How to Plan a Recovery Week with the TSS Chart in Front of You
A recovery week is planned on data, not on a hunch: cut weekly TSS by 40–50% from your last hard week, trimming mainly intensity, not volume. The single goal is to let ATL (fatigue) fall faster than CTL (fitness), so TSB goes positive (+5 to +15). That's when the adaptations from previous weeks "land" and you return to training fresh, not broken.
On the PMC chart, form is a game of three curves: CTL (long-term load, ~42 days), ATL (short-term fatigue, ~7 days) and TSB = CTL − ATL. In a hard block ATL climbs fast and TSB dives. A recovery week is a deliberate drop in stimulus so ATL falls, TSB goes positive, and CTL barely moves. It's not "a week off" — it's a planned part of progression.
How much to cut TSS, exactly
If your hard weeks are, say, 450 TSS, the recovery week targets 230–270 TSS. How to distribute it:
- Cut intensity, not volume — remove VO2max and threshold sessions, keep aerobic Zone 2 riding. The movement stays, the cost drops.
- One "spark" — 1 short session with a few openers (e.g. 3×3 min) so you don't go muscularly flat, but with no load.
- Don't zero out — full rest drops CTL more than needed and you slide into detraining. Zone 2 maintains fitness.
How often should you take a recovery week?
The standard is every fourth week (a 3:1 rhythm) — three weeks of rising load, a fourth for recovery. Older or more fatigued amateurs handle 2:1 better. The signal to unload early: TSB below −30 held for several days and falling interval power despite effort.
How to tell recovery worked
Don't guess — check the data at the end of the week:
- TSB positive — it should reach around +5 to +15. If it's still deeply negative, the week was too hard or the previous block overloaded you.
- Resting heart rate — back to your rested-period norm; elevated by 5+ BPM suggests recovery is still ongoing.
- Check power — a short opener (e.g. 3 min) done at the end of the week "goes easy" at normally hard power.
Does fitness (CTL) drop during a recovery week?
Yes, but slightly and temporarily — CTL will fall a few points, the price of shedding fatigue.

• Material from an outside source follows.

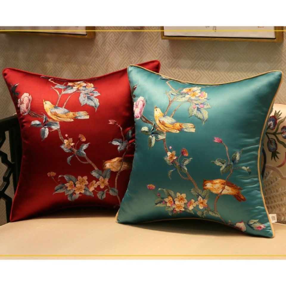 Casa Cultures presents a uniquely designed Satin Finish Birdy Pillow Cover. The flawless embroidery work is commendable and rarely seen. These covers add a royal element to the aura and will invite praise and temptation.

It's an apparent loss: fresh, you return to harder training and quickly make it back. Worse is grinding on with no unload — it ends in stagnation, and the recovery basics still matter (sleep, food) as covered in the piece on sleep and athletic recovery.
Summary
A recovery week isn't a reward for hard work — it's the tool that "closes" adaptations. Cut weekly TSS by 40–50%, trim intensity while keeping aerobic volume, and make sure TSB goes positive. Instead of asking "am I rested yet," look at the PMC chart: positive TSB, resting heart rate returning, and check-power going easy are the hard signal you can start the next block. A planned unload every 3–4 weeks is the difference between progression and spinning your wheels.